As described above, the fixing mechanism is provided to suppress the inclination of the drive shaft 132 after the process cartridge 101 is installed to the apparatus main body 114. Therefore, even when a vibration occurs in the developer unit 103 during an image forming operation, a vibration of the drive shaft 132 is effectively suppressed. Consequently, degradation in image quality due to the vibration of the drive shaft 132 may be suppressed with respect to the toner image formed on the image carrier 102.

Alternatively, instead of fixing the bracket 190 to the support bracket 176 by the screw 194, the support bracket 176 may contain a magnetic material, and in addition un-illustrated magnets may be fixed to both arms of the bracket 190. Consequently, the attaching and detaching operations of the bracket 190 may be simplified.
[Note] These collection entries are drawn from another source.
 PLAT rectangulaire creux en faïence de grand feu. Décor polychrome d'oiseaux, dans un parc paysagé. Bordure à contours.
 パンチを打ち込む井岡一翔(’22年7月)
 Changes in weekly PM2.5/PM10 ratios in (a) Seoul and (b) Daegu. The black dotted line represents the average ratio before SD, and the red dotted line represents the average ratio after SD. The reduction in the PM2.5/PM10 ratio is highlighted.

Incidentally, in manufacturing the image forming apparatus, the bracket 176 may be fixed to the apparatus sideplate 118 in the following manner.

As illustrated in FIG. 27, a driving device 195 has a configuration in which the drive shaft 132 is mounted to the support bracket 176 via the flexible holder 183. Further, the bearings 169 and 163, the main-body-side gear 133, the drive shaft pulley 164, and a below-described compression coil spring 177 are mounted to the drive shaft 132.
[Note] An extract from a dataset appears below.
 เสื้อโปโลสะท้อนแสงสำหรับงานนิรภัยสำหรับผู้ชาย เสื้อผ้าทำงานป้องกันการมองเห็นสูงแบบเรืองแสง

On the other hand, the guide hole 175 is formed through the apparatus sideplate 118 of the apparatus main body 114. The guide hole 175 is also formed so as to have a larger diameter than any of the outer diameters of the drive shaft 132, the bearing 169, and the compression coil spring 177.
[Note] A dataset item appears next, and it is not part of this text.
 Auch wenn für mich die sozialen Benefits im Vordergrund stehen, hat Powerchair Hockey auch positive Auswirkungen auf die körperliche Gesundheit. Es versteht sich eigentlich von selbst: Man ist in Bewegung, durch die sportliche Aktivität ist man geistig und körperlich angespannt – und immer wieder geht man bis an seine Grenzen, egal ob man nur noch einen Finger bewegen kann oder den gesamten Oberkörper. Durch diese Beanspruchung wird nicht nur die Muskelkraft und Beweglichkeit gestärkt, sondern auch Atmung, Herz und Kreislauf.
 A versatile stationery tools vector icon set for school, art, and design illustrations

On installation, the driving device 195 is approached to the apparatus sideplate 118 of the apparatus main body 114 as indicated by an arrow, H, in FIG. 27. Then, the drive shaft 132 of the driving device 195 is inserted into the guide hole 175 formed through the apparatus sideplate 118. Further, as illustrated in FIG. 28, the bearing 163 is fitted with the guide hole 175.

Subsequently, the support bracket 176 is fixed to the apparatus sideplate 118 with an unillustrated screw. Thus, the drive shaft 132 is appropriately positioned relative to the apparatus sideplate 118, and the support bracket 176 is fixed to the apparatus sideplate 118.

During the above-described installing operation, the drive shaft 132 is held so as not to be significantly inclined from the desired position thereof. Therefore, the drive shaft 132 may be securely fitted into the guide hole 175.

Moreover, as illustrated in FIG. 27, a supplemental support member 196 may be disposed in the support bracket 176. In this case, the supplemental support member 196 contains deformable soft material, such as rubber or soft resin.

The supplemental support member 196 has a base end 197 that is fitted with the support bracket 176 by a fixing member, such as an un-illustrated screw. At this time, a portion of the bearing 163 is fitted into a hole 198 that is formed through the supplemental support member 196.

The driving device 195 configured as above is mounted to the apparatus sideplate 118 in the above-described manner. Thus, the support bracket 176 may be firmly fixed to the apparatus sideplate 118 as illustrated in FIG. 32.

As described above, when the driving device 195 is configured to be mounted to the apparatus sideplate 118, the drive shaft 132 is held relative to the support bracket 176 via the bearing 163 and the supplemental support member 196 during the installation. Therefore, an inclination of the drive shaft 132 may be securely suppressed. Consequently, the drive shaft 132 may be further securely inserted into the guide hole 175.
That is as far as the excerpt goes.